#### Study material ####

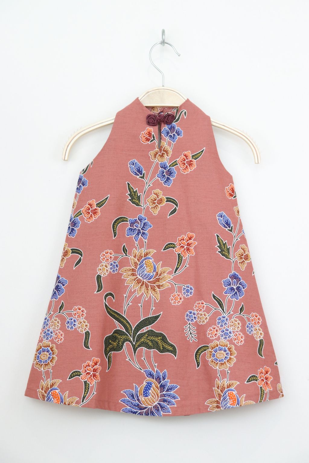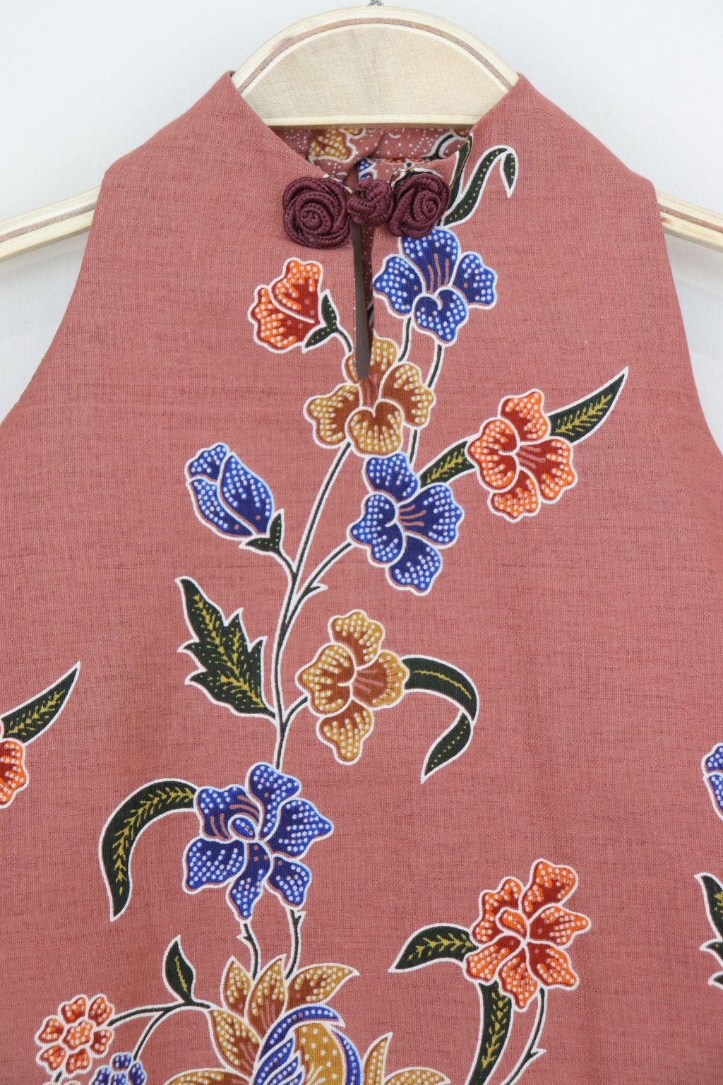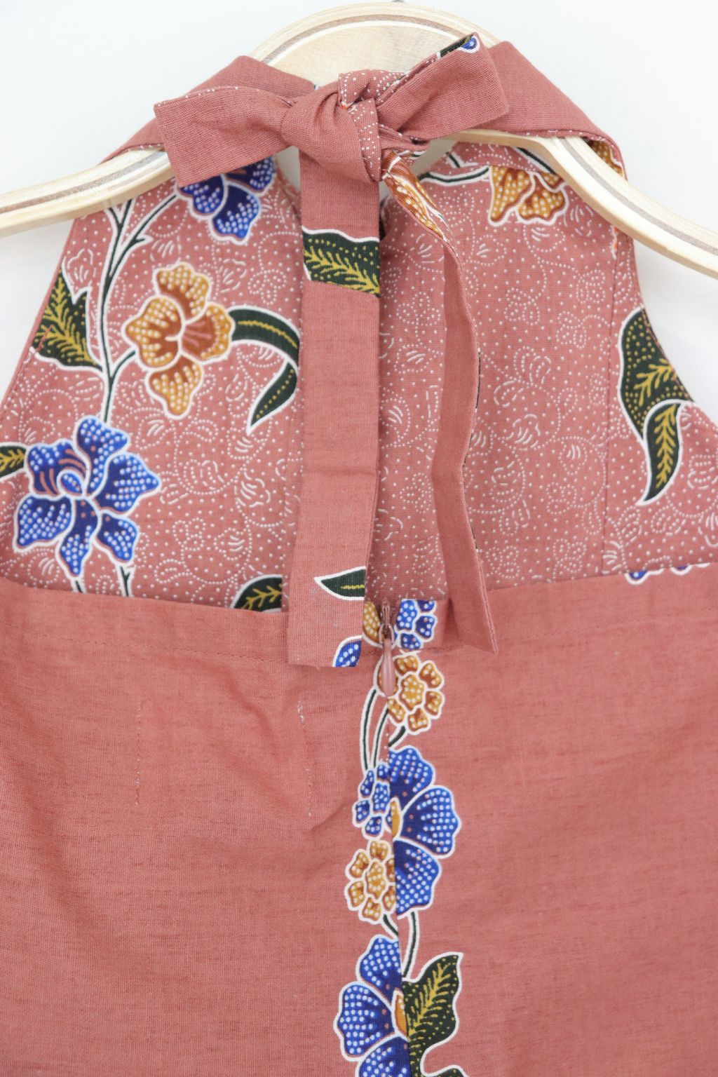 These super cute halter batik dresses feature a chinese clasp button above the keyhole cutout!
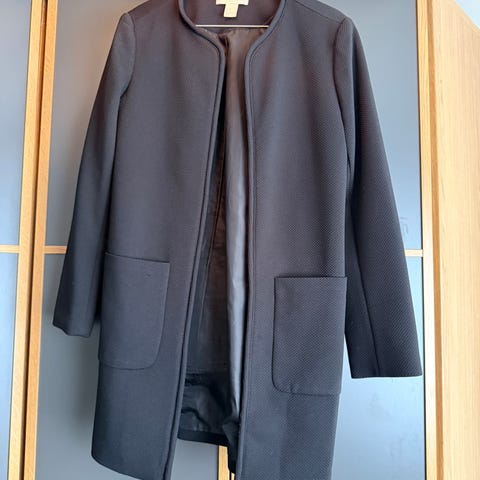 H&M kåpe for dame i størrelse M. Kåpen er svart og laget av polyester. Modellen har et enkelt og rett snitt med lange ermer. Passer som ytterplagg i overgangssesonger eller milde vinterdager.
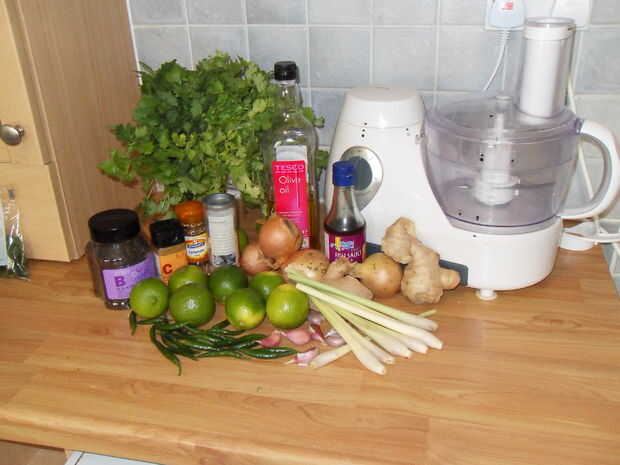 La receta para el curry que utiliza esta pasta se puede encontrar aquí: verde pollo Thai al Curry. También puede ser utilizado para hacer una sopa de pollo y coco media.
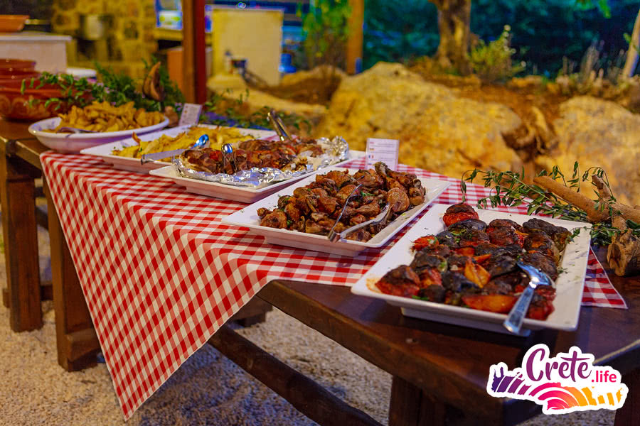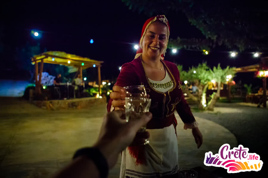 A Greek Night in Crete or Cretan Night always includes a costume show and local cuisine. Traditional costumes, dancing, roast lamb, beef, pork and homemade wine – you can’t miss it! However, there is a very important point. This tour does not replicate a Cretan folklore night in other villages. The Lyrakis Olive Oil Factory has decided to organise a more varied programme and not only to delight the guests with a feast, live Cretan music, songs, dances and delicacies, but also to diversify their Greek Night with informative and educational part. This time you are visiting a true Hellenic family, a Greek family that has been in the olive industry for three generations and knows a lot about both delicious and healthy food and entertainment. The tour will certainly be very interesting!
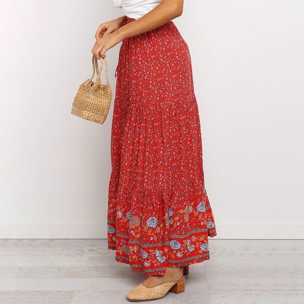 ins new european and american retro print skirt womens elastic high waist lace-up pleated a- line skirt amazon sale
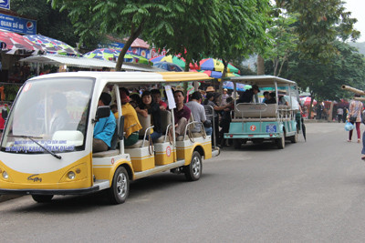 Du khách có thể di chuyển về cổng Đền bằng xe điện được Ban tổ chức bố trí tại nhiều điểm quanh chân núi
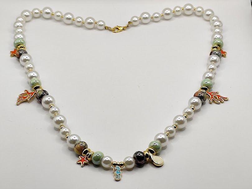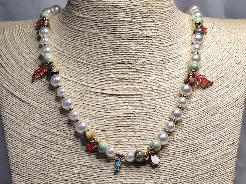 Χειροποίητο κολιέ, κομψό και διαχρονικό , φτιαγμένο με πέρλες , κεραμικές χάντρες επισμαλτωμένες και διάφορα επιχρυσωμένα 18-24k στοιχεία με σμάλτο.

####

== What you have to do ==
Take the lines from the one holding "Du khách có" through the last line of the data above and copy them exactly, both ends included, omitting all pictures.

== Exercise result ==
 Du khách có thể di chuyển về cổng Đền bằng xe điện được Ban tổ chức bố trí tại nhiều điểm quanh chân núi
 Χειροποίητο κολιέ, κομψό και διαχρονικό , φτιαγμένο με πέρλες , κεραμικές χάντρες επισμαλτωμένες και διάφορα επιχρυσωμένα 18-24k στοιχεία με σμάλτο.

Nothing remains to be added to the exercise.